Assignment:
A faithful copy of all the data is the goal; omit the pictures.

─── Dataset records ───

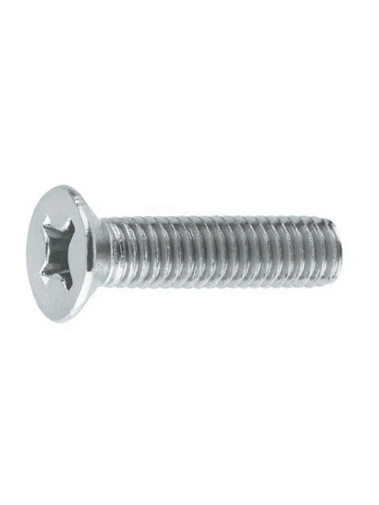 Нержавеющий винт DIN 965 А2 и А4 с потайной головкой и крестообразным шлицем предназначен для создания совместно с гайкой, механического разборного соединения заподлицо с плоскостью скрепляемого материала. Конструкция болта состоит из конической головки с плоским верхом и стержня с неполной резьбой.
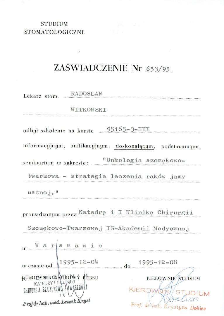 Certyfikat 1995.12.04 szkolenie Warszawa
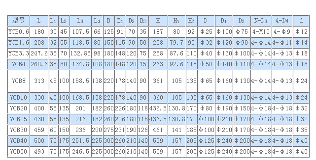 泰盛泵閥提供_全的YCB圓弧齒輪泵各型號(hào)的安裝尺寸及重量,YCB圓弧齒輪泵齒輪采用雙圓弧正弦曲線齒形制造。它與漸開(kāi)線齒輪相比_突出的優(yōu)點(diǎn)是齒輪嚙合過(guò)程中齒廓面沒(méi)有相對(duì)滑動(dòng),所以齒面無(wú)磨損,運(yùn)轉(zhuǎn)平穩(wěn),無(wú)因液現(xiàn)象,噪音低、壽命長(zhǎng)、效率高。YCB圓弧齒輪泵主要有齒輪、軸、泵體、泵蓋、軸承套、軸端密封等組成。齒輪采用雙圓弧正弦曲線齒形制造。它與漸開(kāi)線齒輪相比_突出的優(yōu)點(diǎn)是齒輪嚙合過(guò)程中齒廓面沒(méi)有相對(duì)滑動(dòng),所以齒面無(wú)磨損,運(yùn)轉(zhuǎn)平穩(wěn),無(wú)因液現(xiàn)象,噪音低、壽命長(zhǎng)、效率高。該泵擺脫了傳統(tǒng)設(shè)計(jì)的束縛,使得齒輪泵在設(shè)計(jì)、生產(chǎn)和使用上進(jìn)入了一個(gè)新的領(lǐng)域。
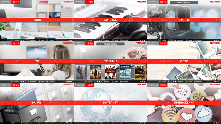Мультимедиа оболочка Smart-TV состоит из 9 пунктов, при этом добавить или удалить лишние возможности нет
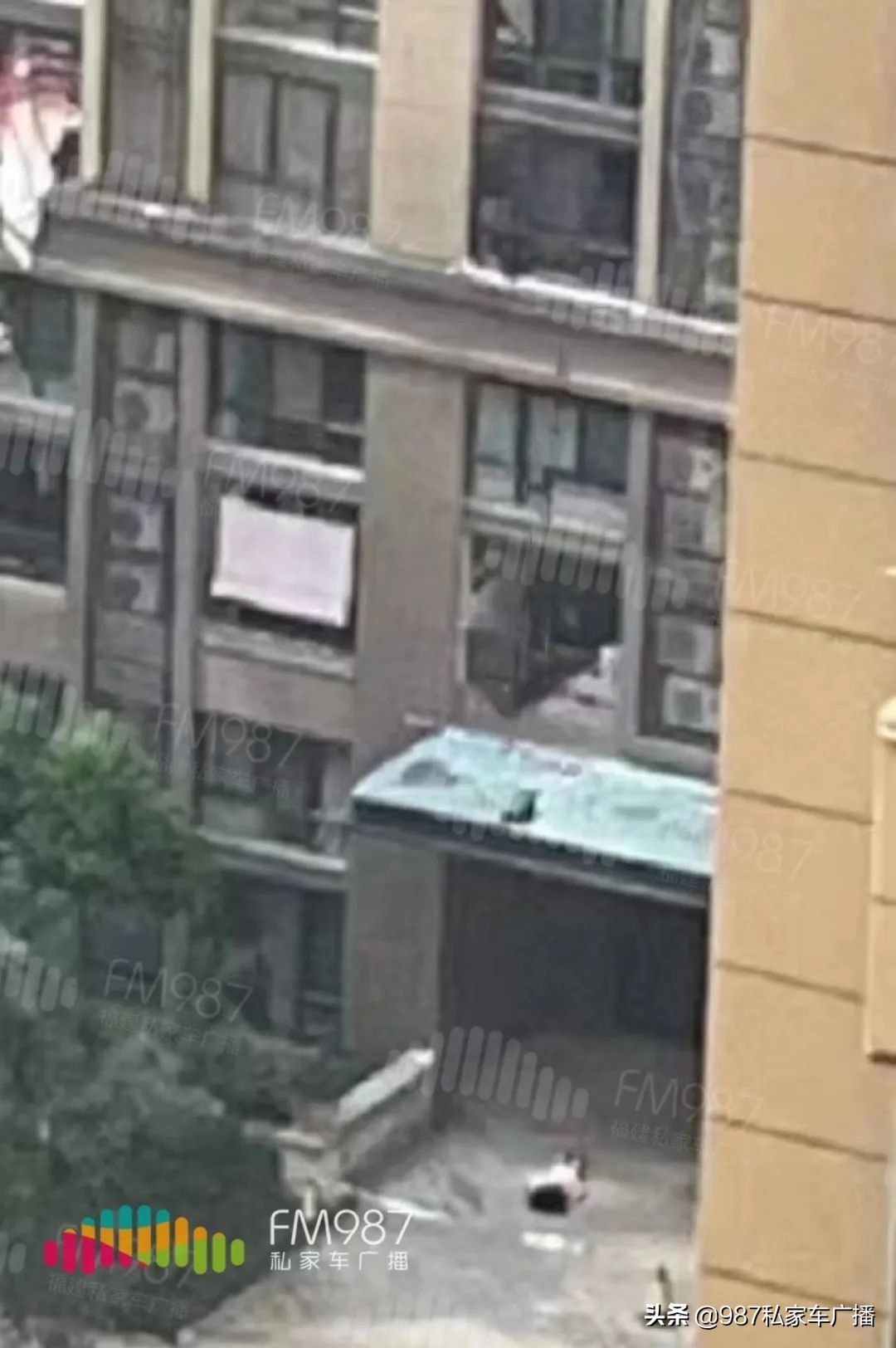 记者从报料人提供的图片看到,疑似一名女子从楼上坠落,砸穿大门前玻璃雨棚后面朝下躺在地上。
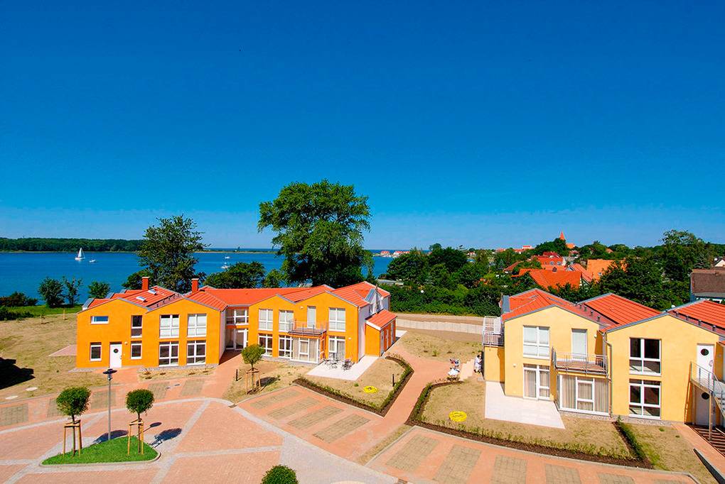 Haus: Sehr schöne Ferienresidenz mit modernen Komfortwohnungen. Drei ansprechende, im mediterranen Reihenhausstil konzipierte Gebäude mit Ferienwohnungen und Ferienhäusern. Alle sehr hell gestaltet mit großen Panoramafenstern, die meisten mit schönem Wasserblick. Hochwertige Ausstattung mit Flachbild-Sat-TV, Radio/CD, moderner Einbauküche (Backofen, Mikrowelle, Spülmaschine). Föhn, Handtuchwärmer im Bad. Kostenloser Internetzugang über W-Lan. Zentralheizung. 1 reservierter Pkw-Stellplatz pro Fewo.
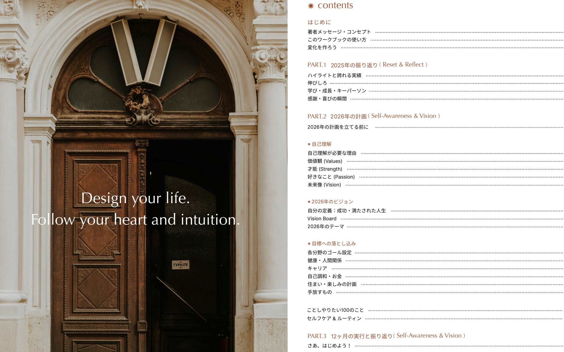 自分を再発見すること、自分を好きになること、そして新しい1年をよりあなたらしく、そして、最高の時間にするための目標設定など、あなたを深める質問とワークが満載の「人生リデザイン・ワークブック」。
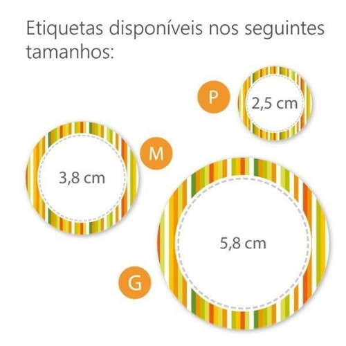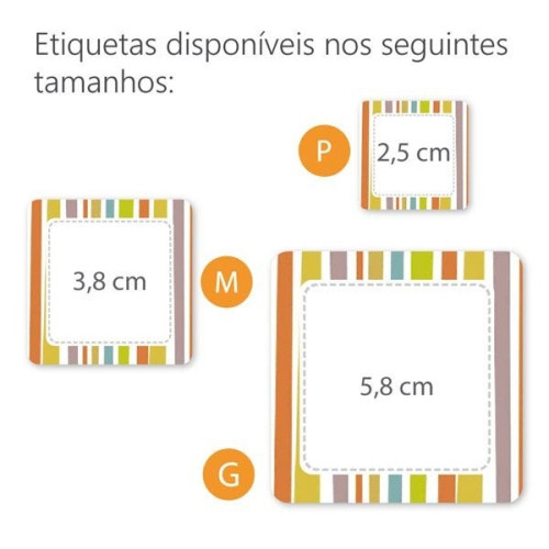 • São 3 tamanhos de etiquetas para escolher:
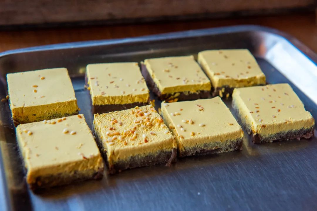 松花糕是腾冲一种较为多见的甜品,以松花粉、红豆制成,上层金黄,下层酱紫,铺展在绿色的芭蕉叶上,色彩分明,看上去漂亮又美味。松花糕闻着有淡淡的松木芬芳,细腻易化的松花粉入口时带着丝丝清凉的微苦,而红豆沙则夯实绵密,不粘牙、不糊口。

───

Reply to the task:
 Нержавеющий винт DIN 965 А2 и А4 с потайной головкой и крестообразным шлицем предназначен для создания совместно с гайкой, механического разборного соединения заподлицо с плоскостью скрепляемого материала. Конструкция болта состоит из конической головки с плоским верхом и стержня с неполной резьбой.
 Certyfikat 1995.12.04 szkolenie Warszawa
 泰盛泵閥提供_全的YCB圓弧齒輪泵各型號(hào)的安裝尺寸及重量,YCB圓弧齒輪泵齒輪采用雙圓弧正弦曲線齒形制造。它與漸開(kāi)線齒輪相比_突出的優(yōu)點(diǎn)是齒輪嚙合過(guò)程中齒廓面沒(méi)有相對(duì)滑動(dòng),所以齒面無(wú)磨損,運(yùn)轉(zhuǎn)平穩(wěn),無(wú)因液現(xiàn)象,噪音低、壽命長(zhǎng)、效率高。YCB圓弧齒輪泵主要有齒輪、軸、泵體、泵蓋、軸承套、軸端密封等組成。齒輪采用雙圓弧正弦曲線齒形制造。它與漸開(kāi)線齒輪相比_突出的優(yōu)點(diǎn)是齒輪嚙合過(guò)程中齒廓面沒(méi)有相對(duì)滑動(dòng),所以齒面無(wú)磨損,運(yùn)轉(zhuǎn)平穩(wěn),無(wú)因液現(xiàn)象,噪音低、壽命長(zhǎng)、效率高。該泵擺脫了傳統(tǒng)設(shè)計(jì)的束縛,使得齒輪泵在設(shè)計(jì)、生產(chǎn)和使用上進(jìn)入了一個(gè)新的領(lǐng)域。
Мультимедиа оболочка Smart-TV состоит из 9 пунктов, при этом добавить или удалить лишние возможности нет
 记者从报料人提供的图片看到,疑似一名女子从楼上坠落,砸穿大门前玻璃雨棚后面朝下躺在地上。
 Haus: Sehr schöne Ferienresidenz mit modernen Komfortwohnungen. Drei ansprechende, im mediterranen Reihenhausstil konzipierte Gebäude mit Ferienwohnungen und Ferienhäusern. Alle sehr hell gestaltet mit großen Panoramafenstern, die meisten mit schönem Wasserblick. Hochwertige Ausstattung mit Flachbild-Sat-TV, Radio/CD, moderner Einbauküche (Backofen, Mikrowelle, Spülmaschine). Föhn, Handtuchwärmer im Bad. Kostenloser Internetzugang über W-Lan. Zentralheizung. 1 reservierter Pkw-Stellplatz pro Fewo.
 自分を再発見すること、自分を好きになること、そして新しい1年をよりあなたらしく、そして、最高の時間にするための目標設定など、あなたを深める質問とワークが満載の「人生リデザイン・ワークブック」。
 • São 3 tamanhos de etiquetas para escolher:
 松花糕是腾冲一种较为多见的甜品,以松花粉、红豆制成,上层金黄,下层酱紫,铺展在绿色的芭蕉叶上,色彩分明,看上去漂亮又美味。松花糕闻着有淡淡的松木芬芳,细腻易化的松花粉入口时带着丝丝清凉的微苦,而红豆沙则夯实绵密,不粘牙、不糊口。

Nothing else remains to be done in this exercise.